Stage 1: port the FluxSpace edit node to our ComfyUI stack
FluxSpace operates inside Flux's joint-attention blocks. At each transformer step it routes an edit conditioning through the same MM-attention path as the base, then steers attention toward the edit direction by a scale factor s. Our port lives in custom_nodes/demographic_pc_fluxspace/__init__.py as FluxSpaceBaseMeasure (pass-through with per-block logging) and FluxSpaceEdit (scale injector). On the glasses axis with a single edit prompt, scale ∈ [0.5, 1.0] produced clean, non-collapsed edits where our own direction failed — which confirmed the bug was in our direction-extraction, not in our understanding of Flux.
The boring but load-bearing discovery: double_blocks_only=True, which the FluxSpace paper suggests as a knob for isolating edits, does not work on Flux Krea. Leaving it False and using start_percent as the identity-preservation knob is the workable configuration. Not in the paper; learned by running.
Stage 2: the single-prompt edit has a hidden confound
With FluxSpaceEdit(A="A person wearing thick-rimmed eyeglasses") driving the steering, scale=1.0 on a "adult Latin American woman" base added glasses — and also made the face visibly older. Swapping "thick-rimmed" for "round wire" changed the direction of aging, not its magnitude. The edit prompt was leaking demographic information through its own statistics. What we wanted was glasses. What we got was glasses plus whatever else that edit sentence averages into.
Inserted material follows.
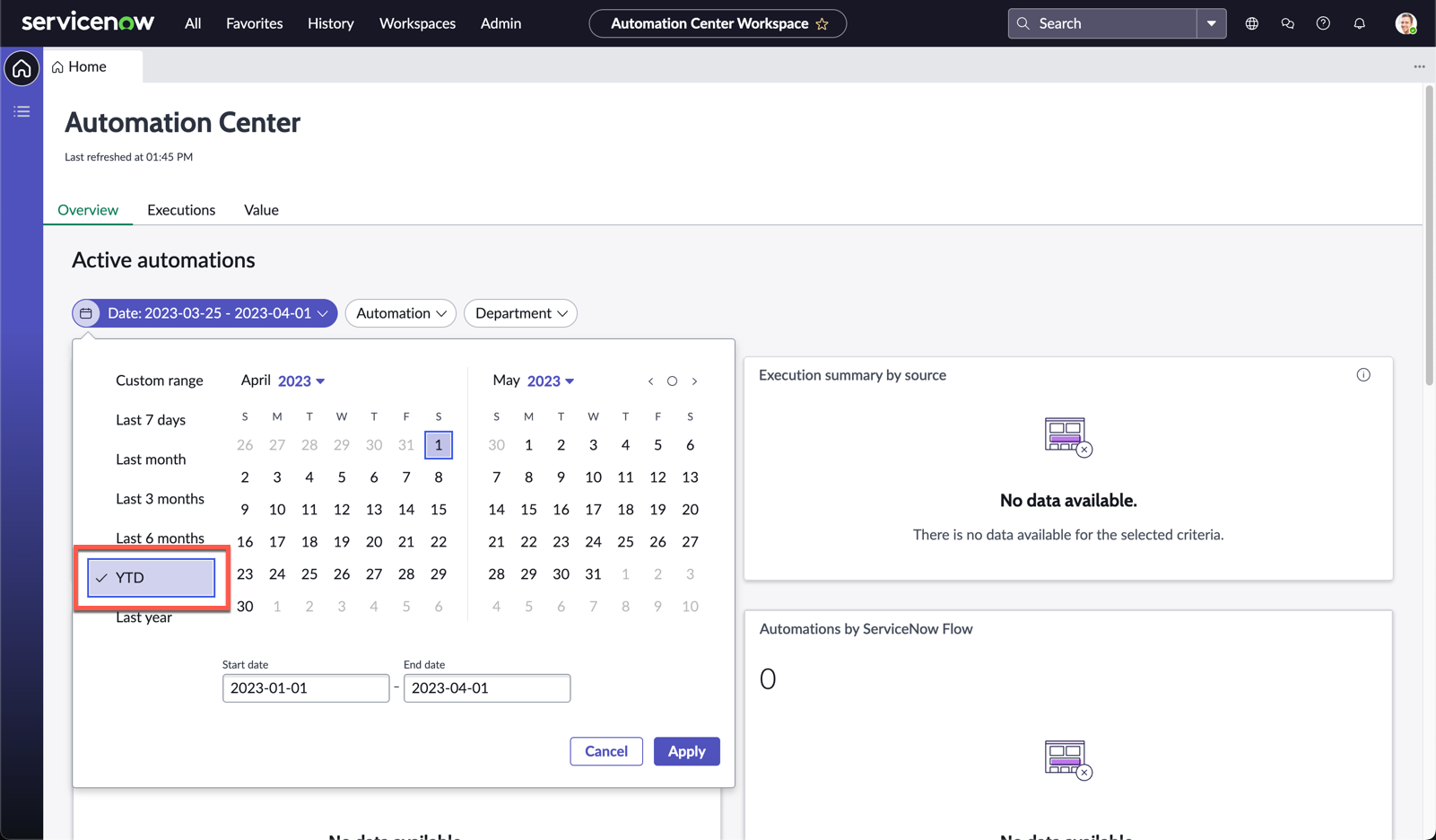 Click on the date range, then select YTD, this will filter the data to update widgets

The fix is the paper's own trick, dressed up: edit through two prompts simultaneously and average their attention caches. A = bare ("A person wearing thick-rimmed eyeglasses."), B = base-spliced ("A photorealistic portrait photograph of an adult Latin American woman wearing thick-rimmed eyeglasses, ... studio lighting, sharp focus."). At mix_b=0.5, A and B drag the conditioning in opposite demographic directions that cancel, while their common direction — glasses — survives. FluxSpaceEditPair implements this; at mix_b=0.5, seed 2026, the glasses go on and the age stays put.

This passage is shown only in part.